Тем не менее 15 мая 1359 года епископ Франческо дель Контадо вручил претенденту на французский престол письмо, помеченное тем же числом, скрепленное печатью королевства Венгерского, и в письме этом Людовик Великий, «наконец-то просвещенный солнцем истины», удостоверял, что Джаннино ди Гуччо, выросший в городе Сиенне, действительно происходит от королевской семьи и своих венгерских предков, законный сын блаженной памяти короля Людовика X Французского и королевы Клеменции Венгерской. В письме равно подтверждалось, что божественное Провидение, остановив свой выбор на королевской кормилице, возжелало, чтобы состоялась подмена новорожденного принца другим младенцем, смерть коего спасла от верной гибели Джаннино, «так в далекие времена дева Мария, скрывшись в Египет, спасла своего младенца, распространив слух, будто его нет в живых…»
Тем не менее епископ Франческо посоветовал претенденту на французский престол покинуть Буду как можно скорее, пока король Венгерский не переменил своего решения, тем паче что он, Франческо, не совсем уверен, что письмо продиктовано лично им и что печать приложена к письму по его приказу…
На следующий же день Джаннино выехал из Буды, даже не успев собрать свое войско, то, что было к его услугам, но все же со свитой, довольно пышной для государя, не имеющего государства.
Джованни Французский прибыл в Венецию, заказал там себе королевское одеяние, а затем посетил Тревизо, Падую, Феррару, Болонью и наконец возвратился в Сиенну после почти полуторагодовых блужданий по свету, дабы выставить свою кандидатуру в Совет Республики.
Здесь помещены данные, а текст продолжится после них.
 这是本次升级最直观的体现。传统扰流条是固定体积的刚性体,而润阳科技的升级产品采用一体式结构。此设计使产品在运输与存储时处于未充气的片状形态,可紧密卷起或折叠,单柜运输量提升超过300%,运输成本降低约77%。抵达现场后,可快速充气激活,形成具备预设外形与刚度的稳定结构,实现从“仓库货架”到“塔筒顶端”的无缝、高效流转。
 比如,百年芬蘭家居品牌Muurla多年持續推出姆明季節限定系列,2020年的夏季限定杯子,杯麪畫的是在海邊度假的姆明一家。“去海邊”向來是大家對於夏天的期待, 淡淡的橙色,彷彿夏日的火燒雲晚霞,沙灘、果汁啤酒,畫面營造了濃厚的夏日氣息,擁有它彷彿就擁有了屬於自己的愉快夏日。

Но коль скоро он завоевал на выборах третье место, Совет объявил выборы недействительными именно потому, что он сын Людовика X, именно потому, что его признал таковым король Венгрии, именно потому, что он не здешний. И его лишили сиеннского гражданства.
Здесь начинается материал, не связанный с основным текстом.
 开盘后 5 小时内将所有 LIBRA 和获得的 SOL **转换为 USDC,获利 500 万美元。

Проезжал как-то через Тоскану великий сенешаль короля Неаполитанского, державший путь в Авиньон. Джаннино бросился к нему за поддержкой — ведь Неаполь колыбель его королевского рода по материнской линии. Но осмотрительный сенешаль посоветовал ему обратиться непосредственно к папе.
Весной 1360 года Джаннино явился в папскую резиденцию в простом одеянии пилигрима, и на сей раз вовсе без эскорта, так как благородные венгерцы покинули его. А папа Иннокентий VI наотрез отказался его принять. Франция и без того немало досаждала Святому отцу, чтобы он еще стал возиться с этим чудаком, с этим посмертным королем!
Иоанн II Добрый все еще находился в плену; в Париже вспыхнуло восстание, и глава его, купеческий прево Этьен Марсель, был убит после своей попытки установить народную власть. Неспокойно было также и в деревнях, где поднялись так называемые жаки, доведенные нищетой до отчаяния. Резня шла повсюду, резали не слишком разбираясь, где враг, а где друг. Дофин, тот, у которого отекали руки, без войска и без денег бился с англичанами, бился с наваррцами, бился даже с парижанами с помощью Бретона Дюгесклена, которому он вручил меч, коль скоро у того руки не опухали. Кроме того, он хлопотал о выкупе своего отца.
Между различными, но равно обессиленными группами смутьянов царила полная неразбериха; отряды, называвшие себя солдатами, превратились в обыкновенные разбойничьи шайки, грабили путников, убивали направо и налево просто потому, что пристрастились убивать.
Для главы католической церкви пребывание в Авиньоне стало столь же небезопасно, как и в Риме, даже при Колоннах. Приходилось все время вести переговоры о мире, вести их в спешном порядке, требовать, чтобы оба окончательно измотанных противника примирились, и пусть король Англии откажется от притязаний на престол Франции и владеет по праву отвоеванной им половиной страны, и пусть король Франции на другой половине установит хоть какой-то порядок. На что еще папе нужен был этот смутьян-пилигрим, который требовал себе Французское королевство, потрясая сомнительными признаниями никому не известных монахов и письмом короля Венгрии, хотя тот от этого письма уже успел отречься?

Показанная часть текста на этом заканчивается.